(RECORDED DATA Opens)
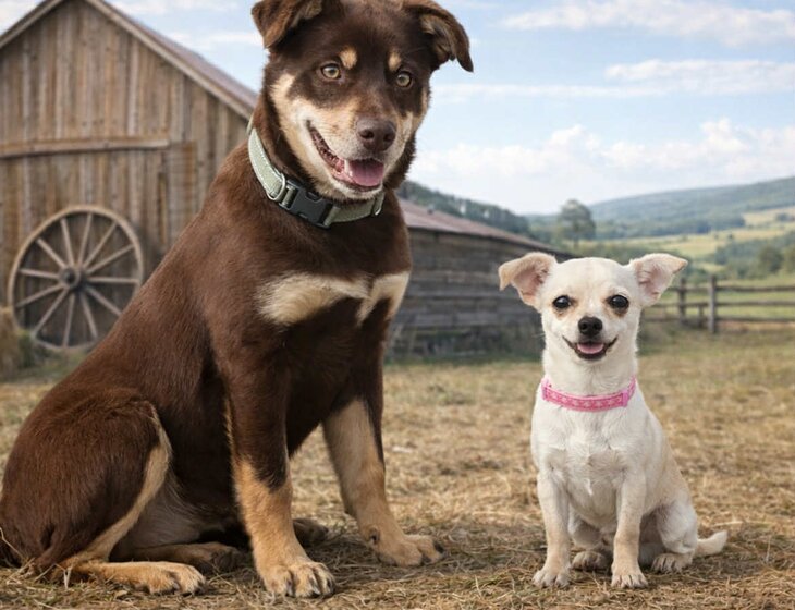 We have a chihuahua pup and a kelpie pup as well as 6 sheep.
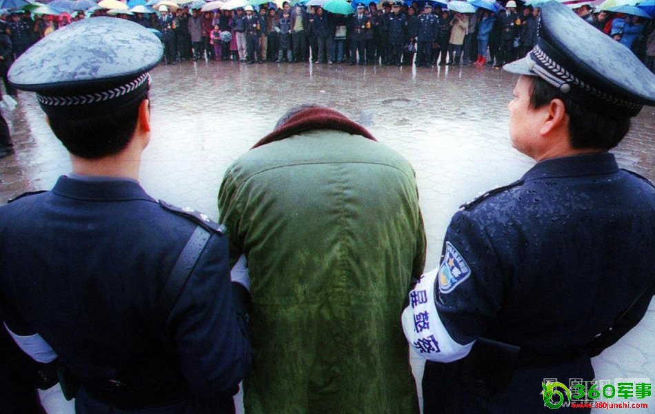 2004年1月15日,武汉铁路警方在汉口火车东站召开公开处理大会。图为被公开处理的票贩子低下了头。
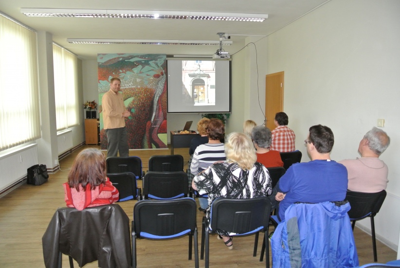 Ve středu 13. dubna v podvečer nám PhDr. Daniel Kovář představil, jako jeden z autorů, knihu Slavné stavby Českých Budějovic. Dozvěděli jsme se řadu zajímavostí, jak kniha vznikala, jak někdy i kuriózně byly pořizovány fotografie a hlavně mnoho informací o vybraných stavbách. PhDr. Kovář touto přednáškou také odstartoval cyklus připravovaných besed na téma Jihočeská metropole.
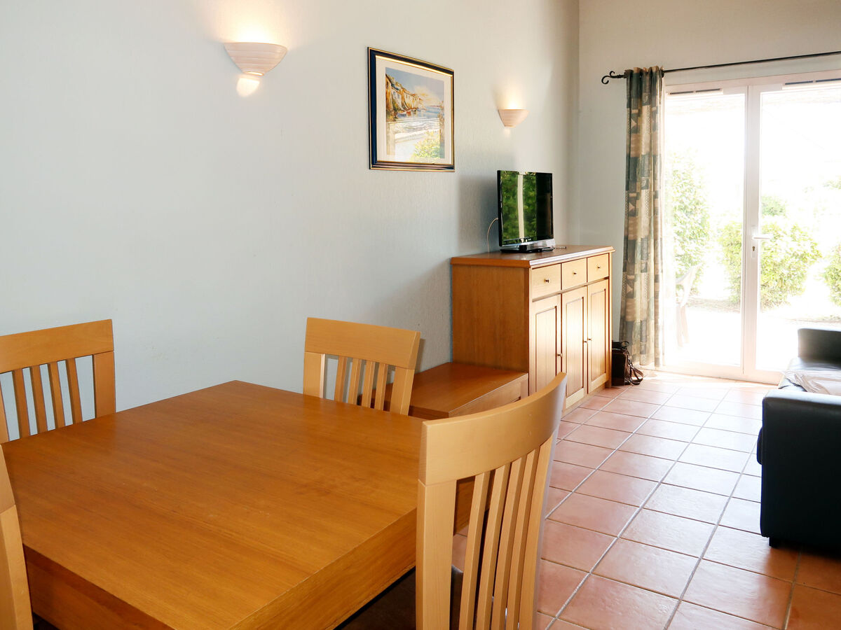 Clair, aménagement agréable et plaisant: séjour/chambre à coucher avec 1 divan-lit double, table pour les repas et TV.
(RECORDED DATA Closes)
Starting at the line that holds "2004年1月15日,武汉铁", copy each line exactly through the end of the material above, keeping both ends and dropping the pictures.

 2004年1月15日,武汉铁路警方在汉口火车东站召开公开处理大会。图为被公开处理的票贩子低下了头。
 Ve středu 13. dubna v podvečer nám PhDr. Daniel Kovář představil, jako jeden z autorů, knihu Slavné stavby Českých Budějovic. Dozvěděli jsme se řadu zajímavostí, jak kniha vznikala, jak někdy i kuriózně byly pořizovány fotografie a hlavně mnoho informací o vybraných stavbách. PhDr. Kovář touto přednáškou také odstartoval cyklus připravovaných besed na téma Jihočeská metropole.
 Clair, aménagement agréable et plaisant: séjour/chambre à coucher avec 1 divan-lit double, table pour les repas et TV.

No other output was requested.